Diecinueve cartas y una postal
Uno de los grandes méritos de Un amor es el de anular cualquier posible rastro de cinismo. Ver la última película de Paula Hernández implica creer. Creer en que eso que nos pasa en la adolescencia y que suponemos es “todo” puede perdurar en el tiempo como una grieta que nunca acaba por cerrarse. Para sumergirse en el apacible mundo de Un amor no se necesita mucho más.

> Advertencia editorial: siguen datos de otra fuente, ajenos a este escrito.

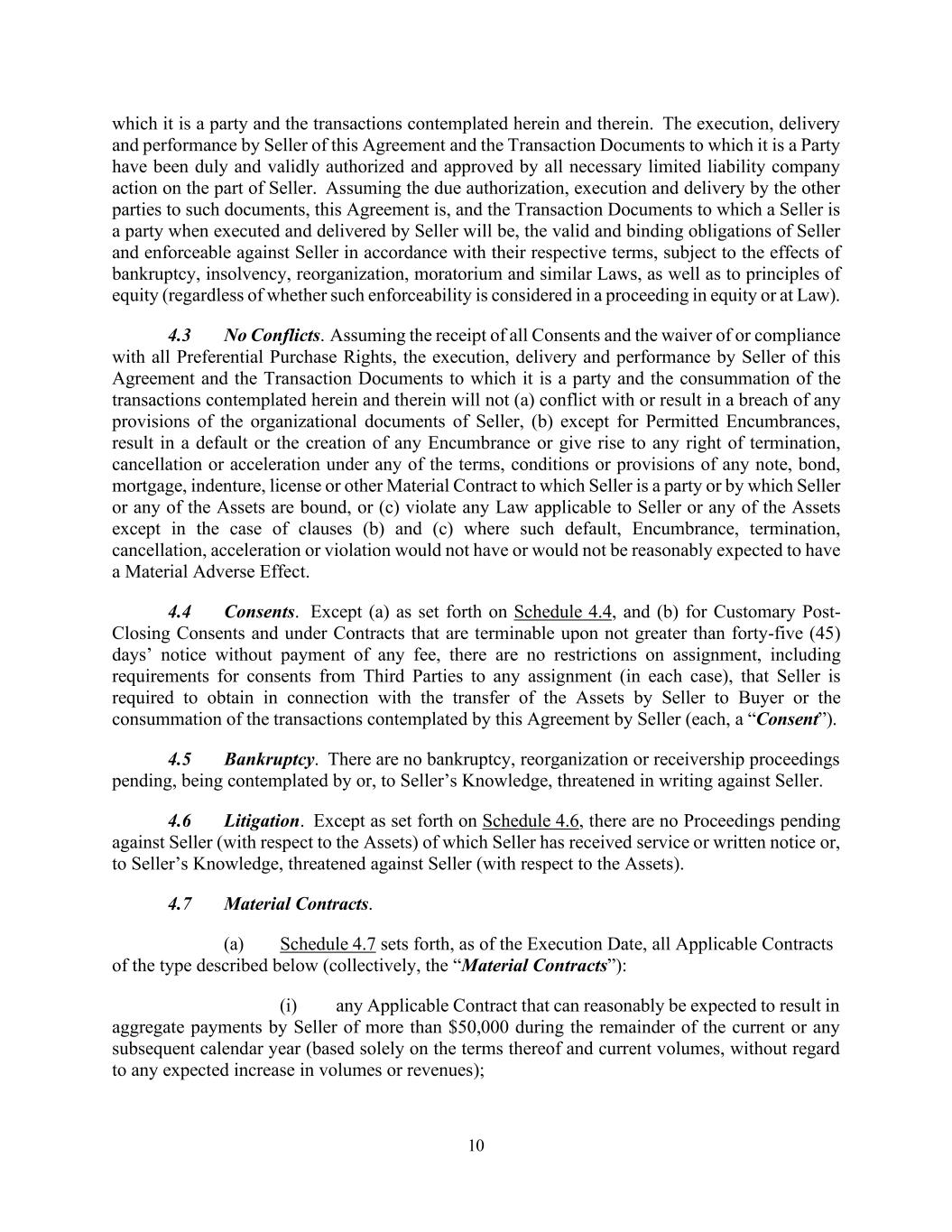 10 which it is a party and the transactions contemplated herein and therein. The execution, delivery and performance by Seller of this Agreement and the Transaction Documents to which it is a Party have been duly and validly authorized and approved by all necessary limited liability company action on the part of Seller. Assuming the due authorization, execution and delivery by the other parties to such documents, this Agreement is, and the Transaction Documents to which a Seller is a party when executed and delivered by Seller will be, the valid and binding obligations of Seller and enforceable against Seller in accordance with their respective terms, subject to the effects of bankruptcy, insolvency, reorganization, moratorium and similar Laws, as well as to principles of equity (regardless of whether such enforceability is considered in a proceeding in equity or at Law). 4.3 No Conflicts. Assuming the receipt of all Consents and the waiver of or compliance with all Preferential Purchase Rights, the execution, delivery and performance by Seller of this Agreement and the Transaction Documents to which it is a party and the consummation of the transactions contemplated herein and therein will not (a) conflict with or result in a breach of any provisions of the organizational documents of Seller, (b) except for Permitted Encumbrances, result in a default or the creation of any Encumbrance or give rise to any right of termination, cancellation or acceleration under any of the terms, conditions or provisions of any note, bond, mortgage, indenture, license or other Material Contract to which Seller is a party or by which Seller or any of the Assets are bound, or (c) violate any Law applicable to Seller or any of the Assets except in the case of clauses (b) and (c) where such default, Encumbrance, termination, cancellation, acceleration or violation would not have or would not be reasonably expected to have a Material Adverse Effect. 4.4 Consents. Except (a) as set forth on Schedule 4.4, and (b) for Customary Post- Closing Consents and under Contracts that are terminable upon not greater than forty-five (45) days’ notice without payment of any fee, there are no restrictions on assignment, including requirements for consents from Third Parties to any assignment (in each case), that Seller is required to obtain in connection with the transfer of the Assets by Seller to Buyer or the consummation of the transactions contemplated by this Agreement by Seller (each, a “Consent”). 4.5 Bankruptcy. There are no bankruptcy, reorganization or receivership proceedings pending, being contemplated by or, to Seller’s Knowledge, threatened in writing against Seller. 4.6 Litigation. Except as set forth on Schedule 4.6, there are no Proceedings pending against Seller (with respect to the Assets) of which Seller has received service or written notice or, to Seller’s Knowledge, threatened against Seller (with respect to the Assets). 4.7 Material Contracts. (a) Schedule 4.7 sets forth, as of the Execution Date, all Applicable Contracts of the type described below (collectively, the “Material Contracts”): (i) any Applicable Contract that can reasonably be expected to result in aggregate payments by Seller of more than $50,000 during the remainder of the current or any subsequent calendar year (based solely on the terms thereof and current volumes, without regard to any expected increase in volumes or revenues);

Bruno y Lalo son amigos inseparables, de esos que siempre van juntos como un combo. Hasta que al pueblo imperturbable de Victoria, en Entre Ríos, llega Lisa para perturbar todo. Irrumpir donde no pasa nada. Tomar por asalto el festival de hormonas adolescentes y también la cómoda mansedumbre de la adultez. Invade de chica; invade de grande. Lisa funciona como una bisagra, hay un antes y un después de ella, o al menos eso pareciera. Paula Hernández construye el relato en un ir y venir del pasado a la actualidad. En un primer momento, se produce un choque importante por la representación juvenil de esos seres adultos; narices, mandíbulas, ojos jóvenes no se corresponden con ellos mismos cuando pasa el tiempo, pero conforme la película fluye esas disparidades desaparecen. Lo que podría ser disruptivo en esas vueltas temporales es un plácido vaivén. No sabemos mucho de los chicos, sabemos apenas un poco más de los grandes: que Lisa emana y emanará un halo de misterio, que Lalo porta la simpleza en la mirada sin importar la edad, que Bruno carga sobre los hombros una cierta inconformidad que es menos real de lo que él quiere hacer parecer.
La historia –la de ellos, pero también la de la película– es de amor, de despertar sexual, de crecimiento, de amistad pese a las diferencias (de clase e intelectuales, son sutiles, apenas se esbozan, pero están). Es de esos tríos inseparables que a veces también duelen y golpean. Pero igualmente es de separarse porque las vidas van en direcciones opuestas. Lalo queda en Entre Ríos; Lisa viaja por el mundo; Bruno vive en Buenos Aires. El contraste entre ellos se ve hasta en los colores: los fríos del hotel en el que se hospeda Lisa o los de la casa de Bruno, tan moderna, en contraposición con los colores cálidos de Victoria y la casa de la infancia de Lalo. Sin lugar a dudas el cariño está puesto ahí en ese lugar donde el río siempre devuelve las cosas, como los devuelve a Lisa y a Bruno, aunque sea por un instante. Hernández plantea hipótesis sin argumentar respuestas ni soluciones. No nos presenta una historia para que miremos desde un lugar privilegiado de saber, no conocemos el contenido de esas diecinueve cartas porque Lalo tampoco lo conoce; no tenemos idea del problema de salud que tiene Lisa porque a ellos tampoco se lo dice. El único privilegio con el que contamos es el de recorrer con los protagonistas un período de sus vidas. Las preguntas están planteadas: ¿Puede la amistad perdurar en el tiempo a pesar de las distancias y las diferencias? ¿Puede el amor durar para toda la vida? Quién sabe.